Would You Share Your Clothes With Total Strangers?

Late last month, Ikea told us we’d reached "peak stuff." Stop buying, the furniture giant said. And now, the eco-warrior Swedes have another novel solution for owning too much: Share your stuff. Or, more specifically, share your clothes. With total strangers. Sharewear is a new "ready-to-share" initiative from Visit Sweden and the Swedish Institute, featuring items from the country's leading designers, like Filippa K, Hope, House of Dagmar, Nikolaj d'Étoiles, and Uniforms for the Dedicated. The idea behind it is simple: An item is posted on Instagram, and the first person to comment on it gets it for a week, before passing it on in the same way. You can’t keep the clothes, and there's no money exchanged. Sharewear is even encouraging people to share their own clothes by using the #sharewear hashtag.
I would say, "Thank god for that — I’m bored of buying new clothes," but that would obviously be a lie. New clothes are never boring. But that’s why Sharewear is clever; it’s not saying, "Stop wearing new clothes," it’s introducing a new way to wear new clothes. Considering we throw away millions of tons of textiles every year, and the fact that the fast-fashion industry is second only to oil in its negative impact on the environment, it’s probably about time we started thinking of new ways to do things.
“Sharing clothes, instead of throwing them away, is good for your wallet and the environment. Share them forward if you want to be fashion-forward,” says Henrik Selin, head of the department for intercultural dialogue at the Swedish Institute. Sharewear gives people access to clothes they may not otherwise be able to afford, and the best part is, it’s guilt-free; there's none of that, "But do I really need those? I’ve got 55 pairs of shoes already," back-and-forth. Still, isn’t sharing clothes with people you don’t know a little bit...weird? Lizzie Harrison, a researcher at the Centre for Sustainable Fashion and founder of the Leeds Community Clothes Exchange, thinks the emotional connection you could have with the previous sharer is actually part of the appeal. “Instagram makes people transparent," she says. "If you have a dress and I want to have that dress, I can look at pictures of you in it, and also see your cat and where you went on holiday last month. There is something interesting about this connection with the previous owner, because it is such a personal thing.” Of course, Sharewear isn’t the only platform out there that helps you be a more environmentally friendly shopper: Rentez-Vous loans designer clothes from upcoming brands; Vestiaire Collective makes high fashion less of a major investment and more of a hobby by offering users somewhere to buy and sell luxury items; and then there’s Depop, the app that’s enabled millions of thrifty teenagers and twenty- and thirtysomethings to buy clothes, wear them for a few weeks, then fling them at the highest bidder.

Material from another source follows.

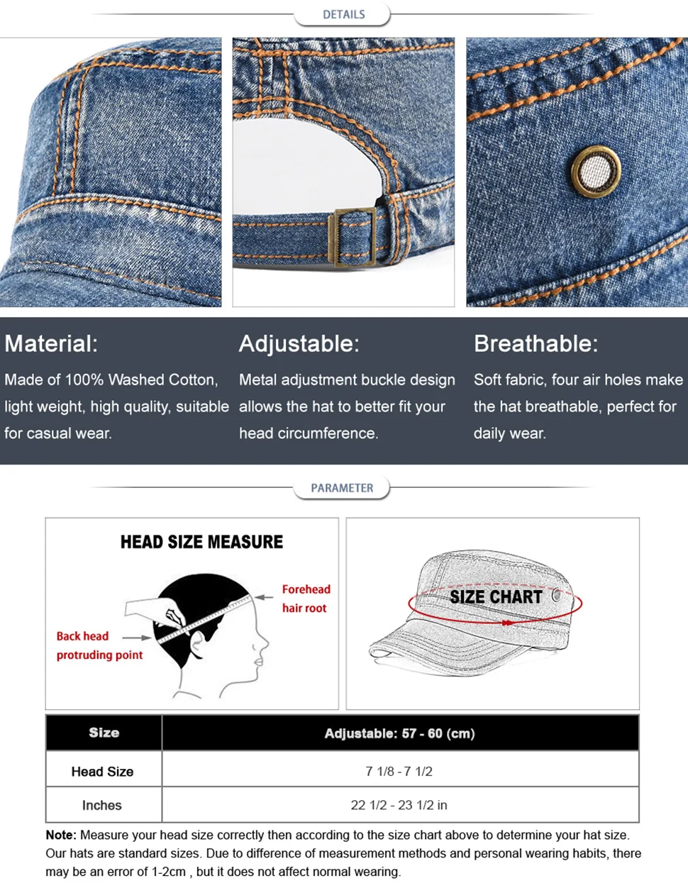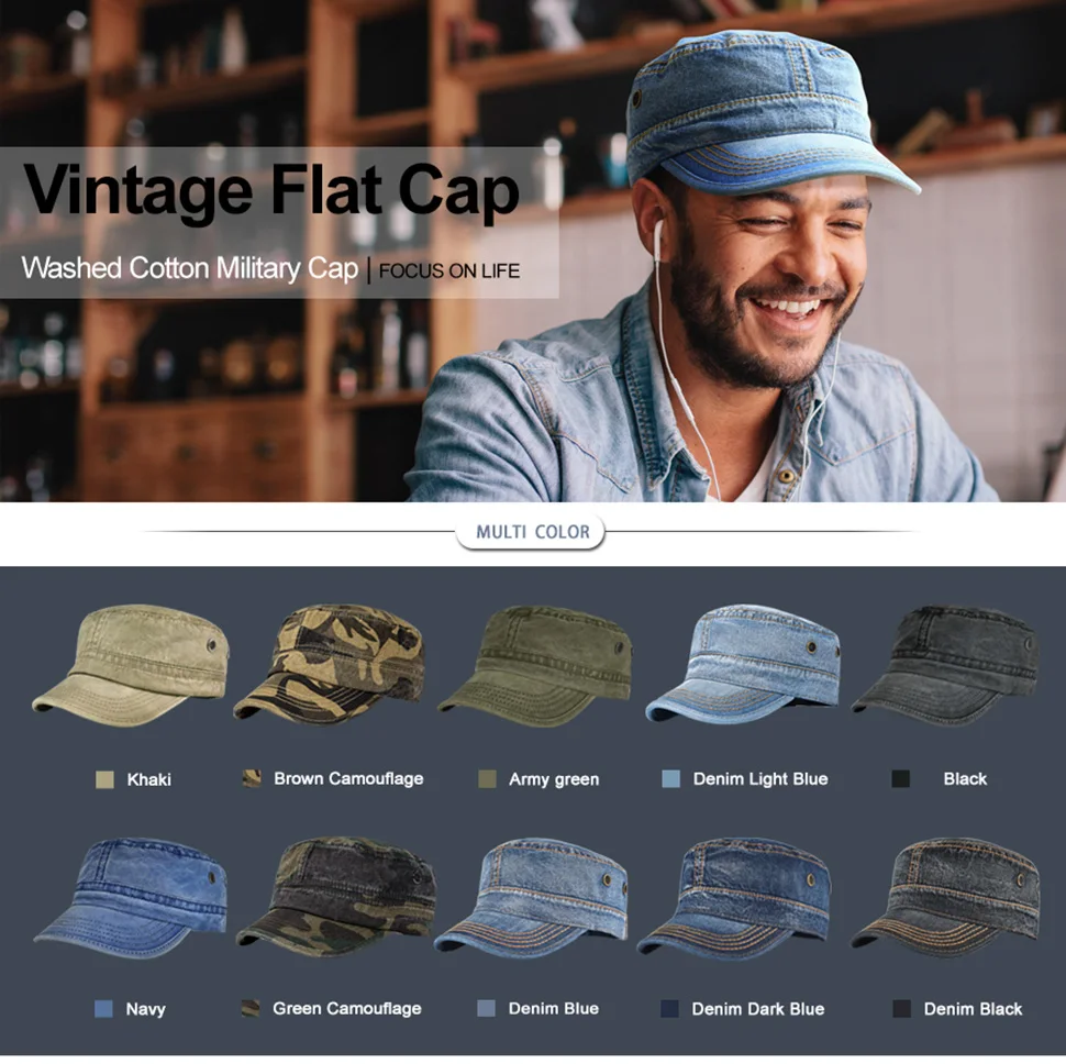 - > Bonés militares de cadete de algodão lavado VOBOOM para homens com design exclusivo ajustável vintage chapéus de topo plano com furo de ar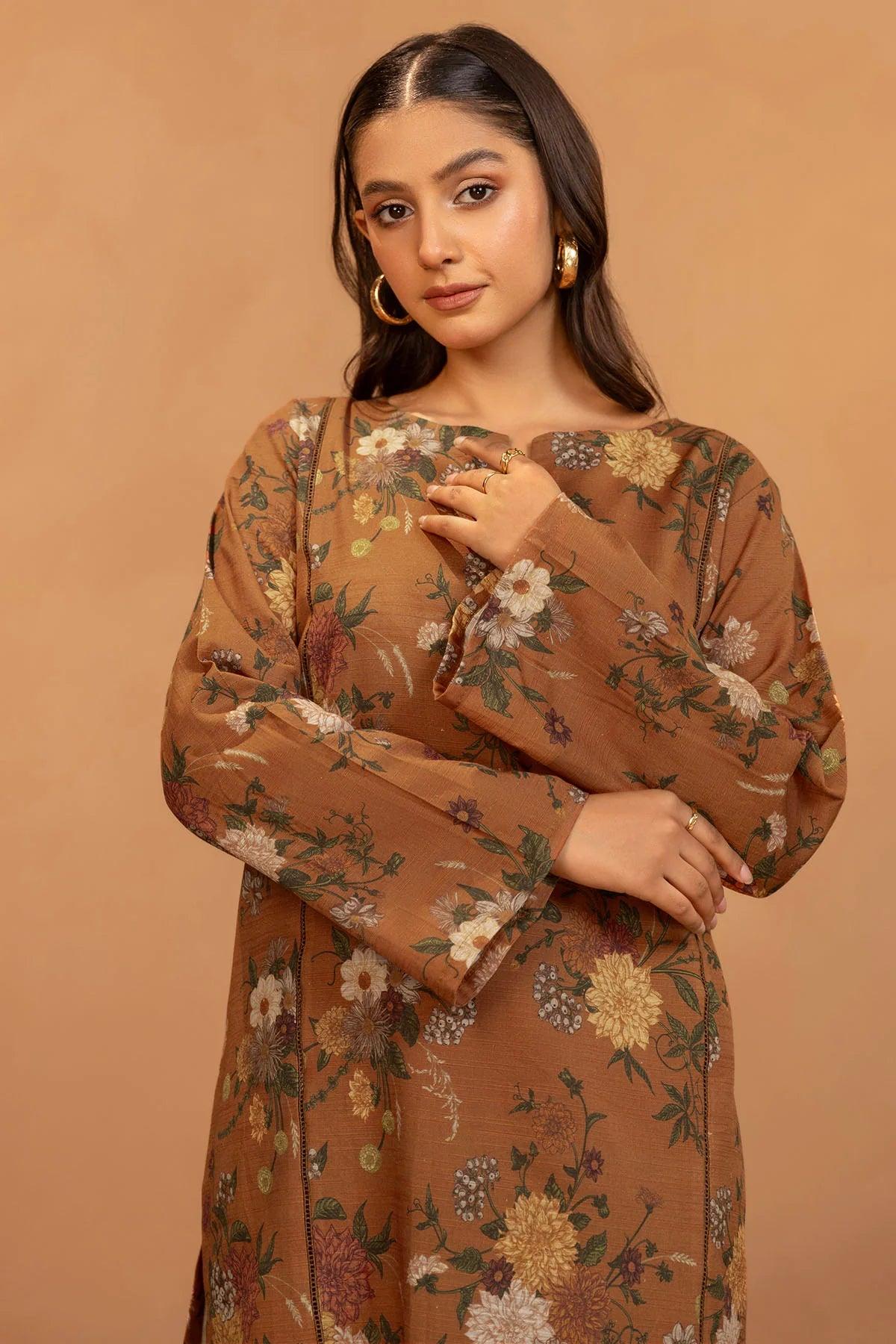 Bring a touch of earthy elegance with this potter’s clay 2-piece set from the Lexzari collection. The digital printed khaddar shirt, rendered in a warm potter’s clay hue, exudes natural sophistication. Paired with a matching khaddar trouser, this outfit offers a perfect balance of comfort and style, ideal for any occasion. Lexzari’s signature craftsmanship shines through, making this ensemble a timeless addition to your wardrobe.

But Harrison warns that it’s still too early to tell if these initiatives help: “Does being involved in this sharing system affect other consumption habits? It’s quite a leap to say that because people are sharing more, we are cutting down on the amount of products that are being made,” she says. “It’s hard to see what impact it’s going to have at this point.” One thing is for sure, though: Technology is enabling us to purchase, rent, borrow, and buy in a million new ways. Why shell out $500 for a dress you’re only going to wear once when you could rent it? Or throw away an inexpensive top when you could sell it? “I upgrade my clothes more because of eBay and Depop,” says 34-year-old Sarah Isaacs, who regularly buys and sells fast-fashion and vintage items. “For example, I saw a new leather jacket I wanted but I felt really guilty about the price, so I sold my old one and put the cash I made towards the new one.” This new supply chain is changing our consumption habits and creating new models of ownership. Sarah Ditty, chief editor at the Ethical Fashion Forum, says Sharewear is the kind of initiative we need to help stop the buy-on-a-Friday-night-and-only-wear-once kind of impulse purchases that cause so many of fast-fashion’s problems (guilty). “It’s not the solution; it’s a Band-Aid,” she says. “If we’re going to make the fashion industry more sustainable, then it’s going to require lots of these interventions working together.” Personally, I'm not ready to share my wardrobe with anyone, not even with my sisters. But borrowing high-end designer pieces for a week, for free? Well, that's definitely something I can get on board with.